WHAT IS REQUIRED: Write the listing out again exactly as it stands, with no images.

INPUT DATA:
=====
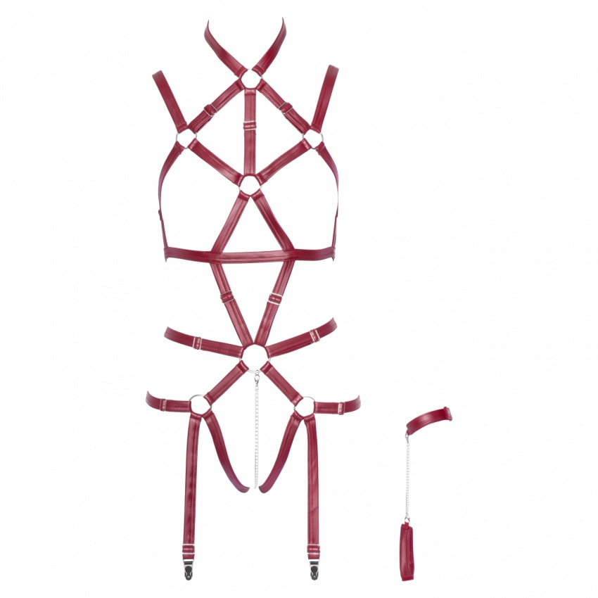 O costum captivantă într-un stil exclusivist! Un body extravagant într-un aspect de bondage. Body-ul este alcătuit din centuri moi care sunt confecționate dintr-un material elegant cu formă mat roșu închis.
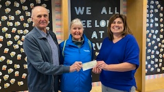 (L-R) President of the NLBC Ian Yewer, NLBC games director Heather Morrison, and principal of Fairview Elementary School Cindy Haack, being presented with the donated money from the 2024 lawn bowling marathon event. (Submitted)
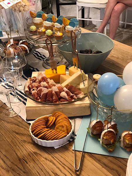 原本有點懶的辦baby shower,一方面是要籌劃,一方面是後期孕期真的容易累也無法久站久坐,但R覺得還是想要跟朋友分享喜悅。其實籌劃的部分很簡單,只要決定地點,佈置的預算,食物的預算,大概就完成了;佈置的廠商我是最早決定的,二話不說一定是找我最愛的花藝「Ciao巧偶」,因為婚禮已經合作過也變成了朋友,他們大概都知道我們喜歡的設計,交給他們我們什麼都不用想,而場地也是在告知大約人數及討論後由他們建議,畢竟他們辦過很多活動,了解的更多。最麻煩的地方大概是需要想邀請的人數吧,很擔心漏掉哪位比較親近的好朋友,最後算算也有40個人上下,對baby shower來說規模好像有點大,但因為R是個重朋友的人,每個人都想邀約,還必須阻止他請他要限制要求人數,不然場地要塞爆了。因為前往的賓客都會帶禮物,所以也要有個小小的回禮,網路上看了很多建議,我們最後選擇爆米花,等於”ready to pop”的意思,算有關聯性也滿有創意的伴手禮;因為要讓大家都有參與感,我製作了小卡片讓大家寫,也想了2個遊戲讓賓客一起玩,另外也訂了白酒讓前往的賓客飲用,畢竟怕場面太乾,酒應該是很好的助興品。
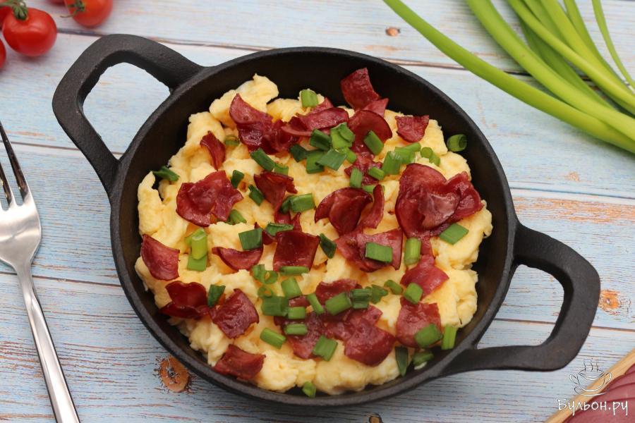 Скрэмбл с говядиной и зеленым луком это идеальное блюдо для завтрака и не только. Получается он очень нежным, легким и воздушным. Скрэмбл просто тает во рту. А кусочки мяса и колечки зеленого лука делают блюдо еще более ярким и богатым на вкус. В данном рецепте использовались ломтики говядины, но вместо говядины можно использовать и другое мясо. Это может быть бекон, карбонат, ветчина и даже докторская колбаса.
=====
ANSWER TO THIS TASK:
 O costum captivantă într-un stil exclusivist! Un body extravagant într-un aspect de bondage. Body-ul este alcătuit din centuri moi care sunt confecționate dintr-un material elegant cu formă mat roșu închis.
 (L-R) President of the NLBC Ian Yewer, NLBC games director Heather Morrison, and principal of Fairview Elementary School Cindy Haack, being presented with the donated money from the 2024 lawn bowling marathon event. (Submitted)
 原本有點懶的辦baby shower,一方面是要籌劃,一方面是後期孕期真的容易累也無法久站久坐,但R覺得還是想要跟朋友分享喜悅。其實籌劃的部分很簡單,只要決定地點,佈置的預算,食物的預算,大概就完成了;佈置的廠商我是最早決定的,二話不說一定是找我最愛的花藝「Ciao巧偶」,因為婚禮已經合作過也變成了朋友,他們大概都知道我們喜歡的設計,交給他們我們什麼都不用想,而場地也是在告知大約人數及討論後由他們建議,畢竟他們辦過很多活動,了解的更多。最麻煩的地方大概是需要想邀請的人數吧,很擔心漏掉哪位比較親近的好朋友,最後算算也有40個人上下,對baby shower來說規模好像有點大,但因為R是個重朋友的人,每個人都想邀約,還必須阻止他請他要限制要求人數,不然場地要塞爆了。因為前往的賓客都會帶禮物,所以也要有個小小的回禮,網路上看了很多建議,我們最後選擇爆米花,等於”ready to pop”的意思,算有關聯性也滿有創意的伴手禮;因為要讓大家都有參與感,我製作了小卡片讓大家寫,也想了2個遊戲讓賓客一起玩,另外也訂了白酒讓前往的賓客飲用,畢竟怕場面太乾,酒應該是很好的助興品。
 Скрэмбл с говядиной и зеленым луком это идеальное блюдо для завтрака и не только. Получается он очень нежным, легким и воздушным. Скрэмбл просто тает во рту. А кусочки мяса и колечки зеленого лука делают блюдо еще более ярким и богатым на вкус. В данном рецепте использовались ломтики говядины, но вместо говядины можно использовать и другое мясо. Это может быть бекон, карбонат, ветчина и даже докторская колбаса.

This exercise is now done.